ANKARA (ANKA) - Basın Konseyi'nden yapılan açıklamada, Başbakan Davutoğlu'nun, "Sanki birçok gazeteci cezaevinde. Türkiye'de gazetecilerin tutuklu olduğunu söyleyenlerin, bu gazetecilerin adını vermeleri lazım" sözleri anımsatıldı. Açıklamada, Davutoğlu'na şu sorular yöneltildi:
"-İçerideki gazeteciler kimlerdir?
-Gazeteci ya da gazeteci değil kavramları belirlenirken, hangi kıstaslar dikkate alınıyor?
-Sarı basın kartlı ya da henüz basın kartı verilmemiş tutuklu gazetecilerin, düşüncelerini ifade etmekten başka ne gibi suçları bulunmaktadır?

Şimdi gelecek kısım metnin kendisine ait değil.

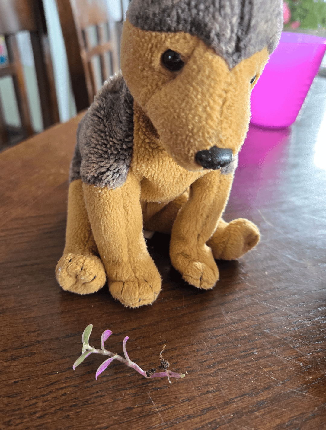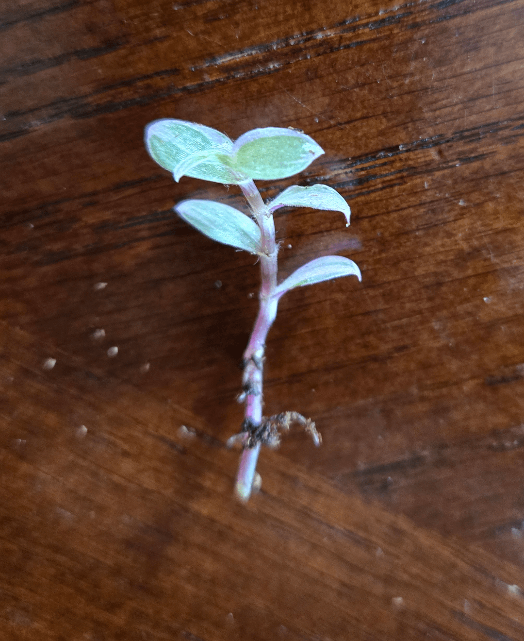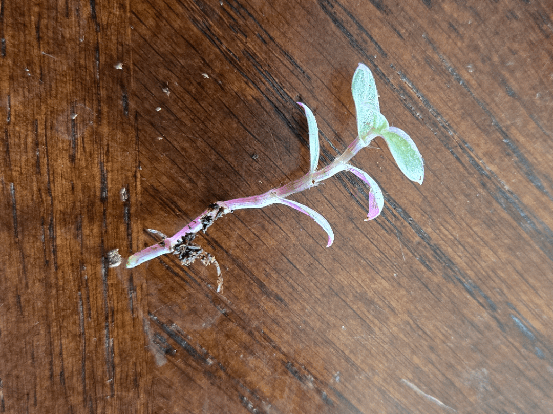 Ich habe diese Pflanzentrümmer gefunden, als ich ein Geranium repottierte, das ich diese Woche gekauft habe, und als ich es abholte, wurde mir klar, dass es bereits kleine Wurzeln wuchs. Es sieht aus wie ein Miniatur -Tradeskantia nanouk. Irgendeine Idee, was genau es ist? Mütze Baby für Skala im letzten Bild (hatte keine Banane, sorry).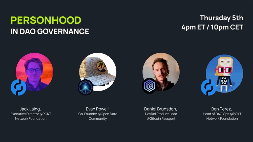 Pocket Network will host an AMA on X on October 5th on the topic of personhood in DAO governance. The speakers for the event include Daniel Brunsdon from Gitcoin Passport, Evan Powell from OpenData, and Pocket Network’s own Jack Laing. The discussion will delve into the complexities and nuances of personhood in the context of decentralized autonomous organizations (DAOs).
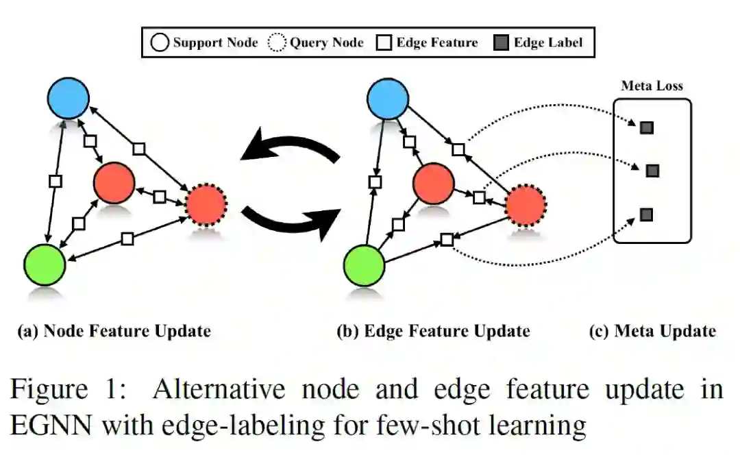 在图中首先更新节点特征,之后再更新节点之间连接边的特征,因为一组节点的特征有变化,进而也会影响到连接边上的特征,以及衡量节点之间的类内相似度(intra-cluster similarity)与类间差异度(inter-cluster dissimilarity)的参数也会对应得到更新,在边和点的特征都得到更新之后,计算边损失(Edge Loss),用 episodic training 的训练策略来更新 EGNN 的权重。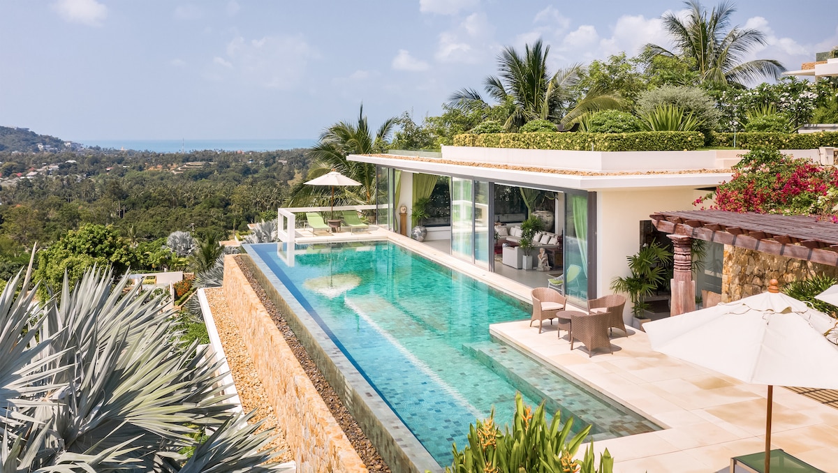 Villa Purana, Panacea Estate, Koh Samui | By The Luxe Nomad HIGHLIGHTS - Ideal choice for families or groups of friends. - Wake up to amazing ocean views. - Relax by the 20-meter infinity pool surrounded by tropical greenery. - Just a short drive away from the vibrant Bophut village with its glittering lights and the tranquil Maenam Beach. - Complimentary Wi-Fi throughout property.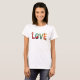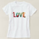 This vibrant design showcases the word 'LOVE' in a colorful gradient from teal to orange, adorned with playful Christmas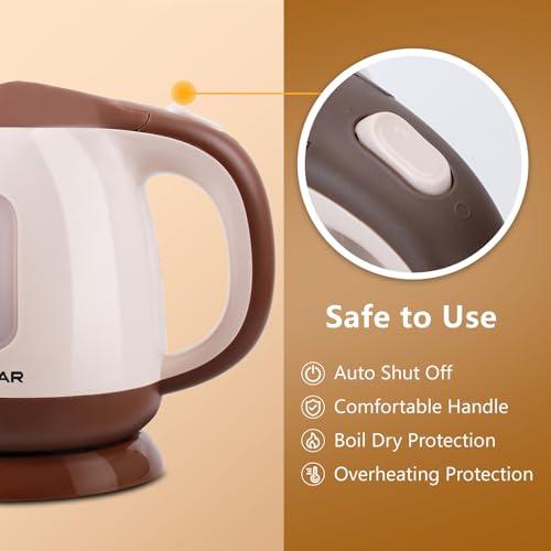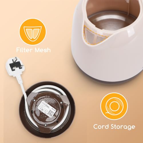 Aigostar Small Electric Kettle, 1 Litre 1100W Low Wattage Cordless Kettle for Travel Bedroom Camping Office, Lightweight Portable Kettle Electric, White and Brown - Romeo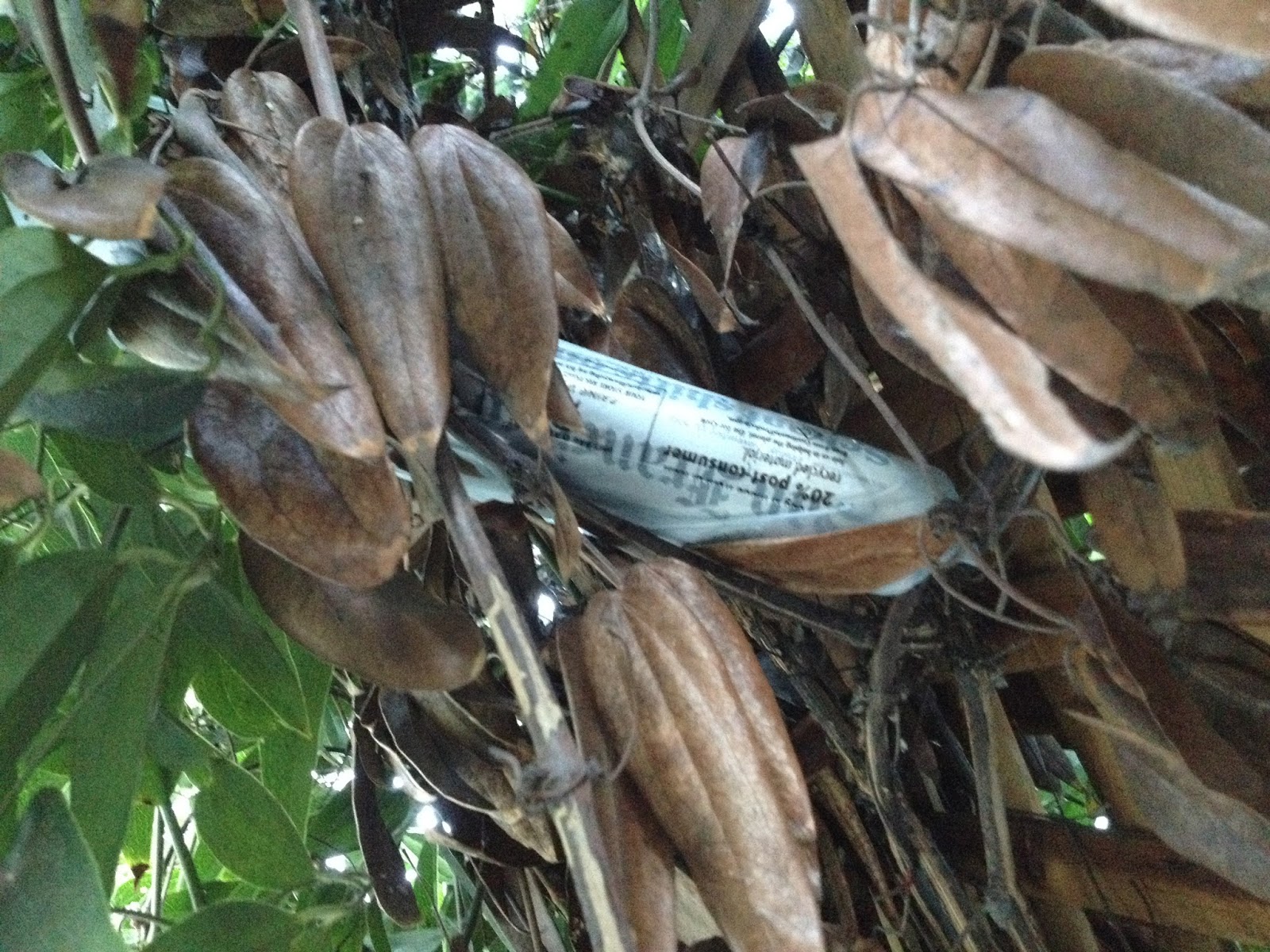 I used to throw the paper over the bushes. But it has lately become so slight that it gets stuck in the bushes.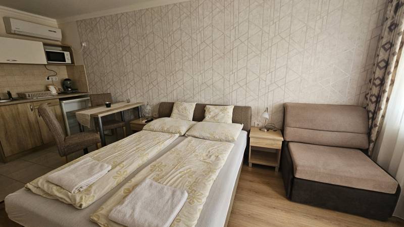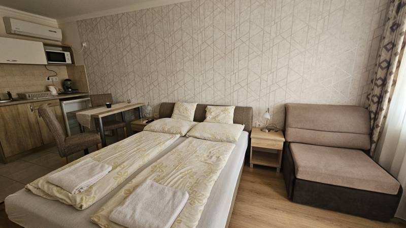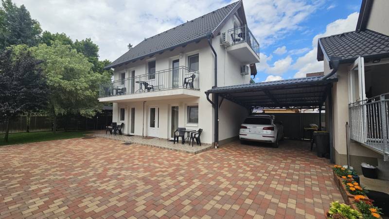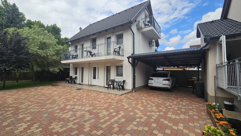 EXKLUZÍV BEFEKTETÉSI LEHETŐSÉG HAJDÚSZOBOSZLÓ KÖZPONTJÁBAN - LUXUS SZÁLLÁSKOMPLEXUM STABIL HOZAMMAL, TELJES FELSZERELTSÉGGEL!!!! A magyar turizmus egyik gyöngyszeme, Hajdúszoboszló, Európa-szerte ismert és elismert fürdőváros, ahol a gyógyturizmus, az élményfürdők és a folyamatosan növekvő belföldi-külföldi vendégforgalom találkozik. A város szívében, a kiemelt presztízsű Bánomkerti úton kínálunk eladásra egy teljes mértékben működő, kiváló állapotú, többfunkciós vendéglátóingatlant, amely tökéletes választás lehet üzleti befektetők, szállásadó vállalkozások vagy akár privát rezidenciát kereső vásárlók számára.Lokáció: A város legértékesebb övezetébenAz ingatlan elhelyezkedése páratlan: Hajdúszoboszló központjában, mégis csendes, nyugodt környezetben található. Néhány perc sétával elérhető a híres Mátyás király sétány, az Aqua-Palace élményfürdő mindössze 500méter távolságra, a Gyógyfürdő, valamint számos étterem, üzlet és turisztikai attrakció. A város az év minden szakaszában vonzza a látogatókat, ami egész éves telítettséget biztosít az itt működő szálláshelyek számára.Az ingatlan: prémium kialakítás, két épület, bővítési potenciállal1. Főépület (több mint 400 m²) – panzió, tulajdonosi lakrész, tetőterasz, szuterén apartmanJelenlegi funkció: panzió és hostel, vendégkörrel és működési múlttal9 különálló apartman, mindegyikben saját konyha és zuhanyzós fürdőszoba, ízlésesen bútorozott, azonnal kiadható állapotbanTulajdonosi lakrész: kb. 100 m²-es, 2 szobával, amerikai konyhás nappalival, kamrával, fürdőszobával (kád és zuhany is), külön WC-velA lakrész 3 különálló apartmanná alakítható, jelentősen növelve az ingatlan kihasználtságát és hozamát36 m²-es terasz és 12 m²-es erkély a vendégek pihenéséhezSzuterén szint: 45 m²-es különálló lakrész szaunával, saját konyhával és fürdőszobával – a főépületből és az udvarról is megközelíthetőA tetőn napelemrendszer (8 kW) segíti a költséghatékony működést2. Melléképület (3 szint) – vendégház, 5 apartmannalÖsszesen 5 apartman, mindegyikben külön konyha és fürdőszobaFöldszint és első emelet: 2-2 apartman, a tetőtérben 1 különálló egységAz emeleti apartmanokhoz tágas erkélyek tartoznak, vendégélmény szempontjából különösen értékesekKözös étkezőkonyha biztosítja a hosszabb tartózkodás kényelmétMűszaki tartalom és kényelmi extrákPadlófűtés a tulajdonosi lakásban, minden épületrészben modern gázkazános fűtés puffertartállyalKlímarendszer: minden apartmanban (kivéve a szuterént) hűtő-fűtő klíma gondoskodik a komfortos hőmérsékletrőlModern nyílászárók, mindenhol szúnyoghálóvalKamerarendszer az ingatlan teljes biztonságáért24 db Luxor Solar 330W napelem, Fronius inverterrel (8 kW) – akár teljes áramellátás biztosítottTérkövezett udvar, több beálló autóknak, fedett gépkocsi beállóAutomata öntözőrendszer, parkosított kertFedett udvari nyári konyha, bográcsozóhely – 12–20 fős társaságokat is kényelmesen kiszolgálEgyedi tervezésű tetőterasz – kiváló panoráma, prémium vendégélményÜzleti potenciál és megtérülésAz ingatlan egész évben üzemel, nem csupán szezonális működésű, így folyamatos bevételt biztosítJelenlegi kihasználtság alapján a megtérülési idő kb. 10 év, azonban a bővítési lehetőségek révén ez jelentősen rövidíthetőBejáratott vendégkör, ismert és kedvelt szálláshely a régióbanAz ingatlan tehermentes, jogilag rendezett, azonnal birtokba vehetőTeljes vendéglátáshoz szükséges felszereléssel együtt eladó – semmilyen további beruházást nem igényelKinek ajánljuk?Szállásadással foglalkozó cégeknek, akik rögtön működő rendszert keresnekMagánbefektetőknek, akik passzív jövedelmet biztosító, stabil hozamú ingatlant keresnekTársaságoknak, orvosi központoknak, tréningközpontnak, akik több lakóegységből álló komplexumot keresnekOlyan vásárlóknak, akik egy élhető lakóteret szeretnének működő üzleti háttérrel kombinálniLépjen a siker útjára Hajdúszoboszlón!Ez az ingatlan nem csupán egy panzió vagy vendégház, hanem egy kulcsrakész, jövedelmező vállalkozás a régió egyik legfrekventáltabb helyszínén. Ne hagyja ki ezt a különleges lehetőséget!További információért, alaprajzért vagy időpont egyeztetésért kérem, vegye fel velünk a kapcsolatot!

-Sadece 1 Ocak-1 Şubat arasındaki dönemde, 1979-2007 arasında, düşünür gazeteci Abdi İpekçi, Uğur Mumcu, Metin Göktepe, Hrant Dink, Muammer Aksoy öldürülmedi mi? Yoksa yitirdiklerimiz gazeteci değil miydi?
-Gazetecilik ve özgürlükler kavramının içinin boşaltıldığı bu günlerde, tüm sorulara cevap vermesi gereken kurum, kimdir?"
-"BU SÖYLEMLER, OLAYLARI GEÇİŞTİRMEKTEN BAŞKA BİR İŞE YARAMIYOR"-
Gazeteciliğe yönelik bu tür söylemlerin, olayları geçiştirmekten başka bir işe yaramadığına dikkat çekilen açıklamada, şöyle denildi:
"Demir parmaklıkların arkasında, tek bir gazetecinin dahi olması birçok gazetecinin içeride olması demektir ve bu durum demokrasi ayıbıdır. Demokrasi ayıbına ne yazık ki, her geçen gün yenileri ekleniyor. Şırnak'ın Cizre ilçesinde 12 yaşındaki Nihat Kazanhan'ın öldürülmesinin ardından bile, yayın yasağı kararı getiriliyor. Hiç olmadığı kadar ülkedeki birçok olay, sansürleniyor, kamuoyundan gizleniyor. Demokrasinin ana unsuru olan basın ve ifade özgürlüğüne yönelik bu girişimlere son verilmesi gerektiğini, bir kez daha kamuoyunun dikkatine sunuyoruz. Meslekleri uğruna canlarını vermiş olan ölümsüz gazetecileri, 24 Ocak'ta katledilen Uğur Mumcu'yu saygı ve özlemle anıyoruz."